_YOUR INSTRUCTIONS_: Look through the listing below for the line with "圣贝纳迪诺县消防局描述现场为" and the line with "Klassisk herre-T-shirt i". Copy both, along with every line between them, exactly and with no pictures.
━━━━━━━━━━━━━━━━
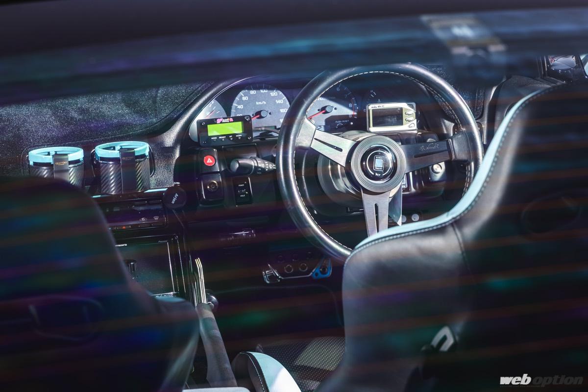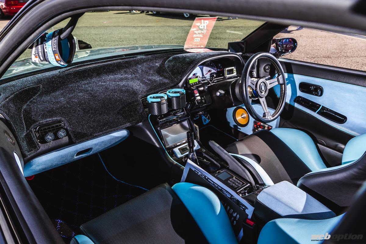 インテリアはブルー×ブラックでコーディネイト。左右シートは業者に張り替えてもらったそうだが、その他の部分はカスタムオーディオまで含めて全てオーナーが施工した。
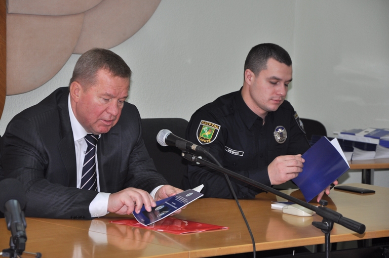 Ректор Харківського національного університету внутрішніх справ Сергій Гусаров передав представникам нової поліції Харкова по 1100 екземплярів «Пам’яток працівника патрульної поліції» та «Довідників працівника патрульної поліції», які підготовлено та видано науковцями університету.
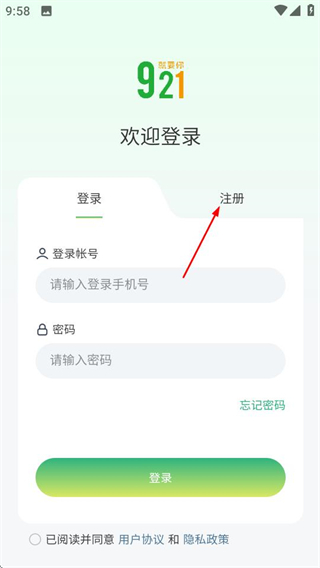 1、在921就要你首页,点击底部的我的选项,进入登录页面。
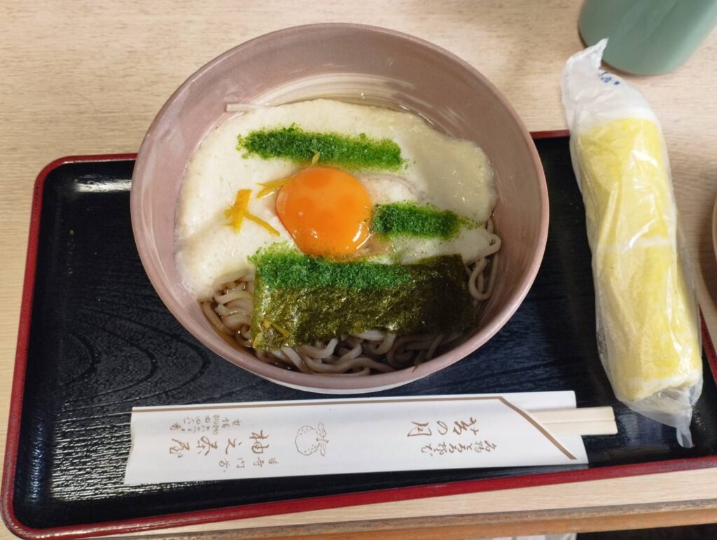 お腹が空いたので、新蕎麦のとろろ月見そばをいただきました。
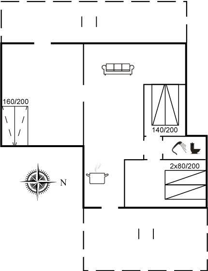 SchlafverhältnisseDie Schlafplätze verteilen sich auf 2 Schlafräume. 4 Schlafplätze in Doppelbetten. 2 Schlafplätze in Einzelbetten. 2 von diesen Schlafplätzen befinden sich im Wohnzimmer. Ferner steht ein Kinderbett zur Verfügung.
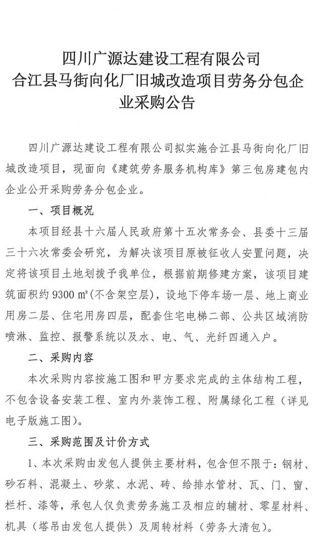四川廣源達建設(shè)工程有限公司 合江縣馬街向化廠舊城改造項目勞務(wù)分包企業(yè)采購公告.doc
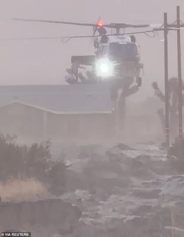 圣贝纳迪诺县消防局描述现场为“一条泥水河流切割公路”,消防员挨家挨户疏散被困居民,并展开迅水救援。警方下令居民就地避险,并警告:“请勿尝试步行或驾车穿过洪水淹没的地区。”
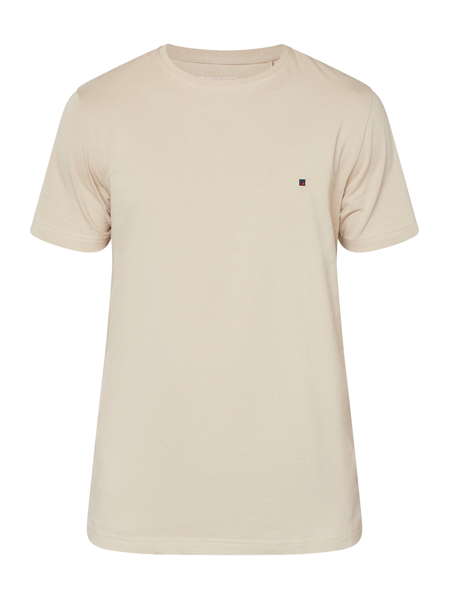 Klassisk herre-T-shirt i blød bomuldsblanding med let stræk og et rent, tidløst udtryk. Den behagelige kvalitet og fleksible pasform gør T-shirten velegnet til hverdagsbrug og afslappede looks.
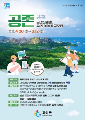 강원문화재단에서 도내 생활권 중심 문화예술교육 거점 공간 조성으로도민의 문화예술교육 접근성 향상을 위해2026 문화예술교육 기반조성지원 사업의 매징지원 공모를 추진하오니,문화예술교육에 관심있는 도내 예술단체의 많은 참여 부탁드립니다. 1. 공 모 명: 2026 문화예술교육 기반조성지원 매칭지원(민간단체) 공모2. 공모기간: 2026. 4. 2.(목)~4. 30.(목), 18:003. 접수기간: 2026. 4. 20.(월)~4. 30.(목), 18:004. 접수방법: 지방보조금관리시스템 (www.losims.go.kr)을 통한 온라인 신청5. 지원규모: 최대 15,000,000원(단체 교부) [출처 : 고성군청 -시정소식-]
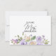 Design floral rústico simples e elegante de cor d'água (cor d'água) verde verde, lavanda, roxo, violeta, lilás, cor-de-rosa pincel, pêssego, rosas de flores brancas/pénia sobre fundo branco e letras negras. Convites de chá de panela de casamento deliciosos para o tema do primavera ou verão. Cartões de fora perfeitos. A parte traseira do cartão tem o nome da futura mrs.
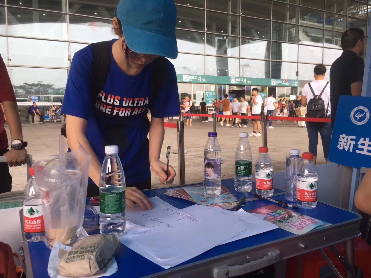 此外,在辅导员谭珺如的带领下,有近20名学院志愿者在广州南站设点迎接广外新生。
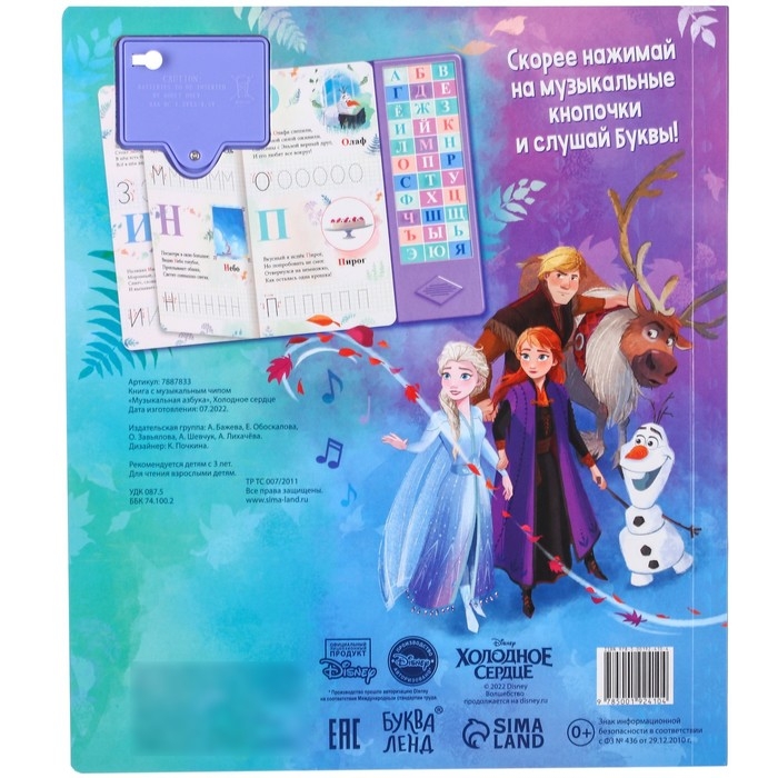 Книга с музыкальным чипом + маркер «Музыкальная азбука», 18 стр., Холодное сердце
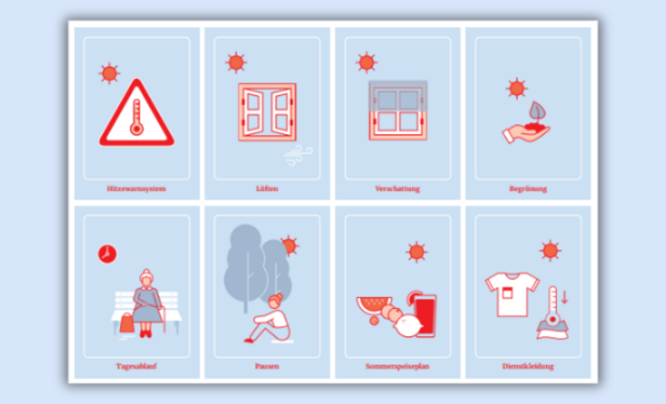 Für Mitarbeitende in stationären Pflegeeinrichtungen und ambulanten Pflegediensten stellen Klimafolgen wie Hitzewellen eine enorme Belastung dar, die ihre Leistungsfähigkeit beeinträchtigen können. Um pflegebedürftige Menschen auch in solchen Wetterextremen gut versorgen zu können, ist es wichtig, dass Pflegeeinrichtungen und -dienste befähigt werden, eigenständig niedrigschwellige Anpassungsmaßnahmen vornehmen zu können.
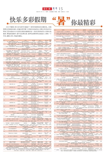 2023年暑期,徐汇区为孩子们准备了一系列丰富多彩的主题活动。区教育局与区域相关单位、街镇共同开展73项综合实践活动;区青少年活动中心带来了四大板块共80余项五育系列暑期活动!活动引导未成年人传承红色基因,厚植家国情怀,提升社会责任感,培养创新精神和实践能力,拥有一个平安、健康、快乐、有益的暑假。
━━━━━━━━━━━━━━━━
_ANSWER TO THE PROBLEM_:
 圣贝纳迪诺县消防局描述现场为“一条泥水河流切割公路”,消防员挨家挨户疏散被困居民,并展开迅水救援。警方下令居民就地避险,并警告:“请勿尝试步行或驾车穿过洪水淹没的地区。”
 Klassisk herre-T-shirt i blød bomuldsblanding med let stræk og et rent, tidløst udtryk. Den behagelige kvalitet og fleksible pasform gør T-shirten velegnet til hverdagsbrug og afslappede looks.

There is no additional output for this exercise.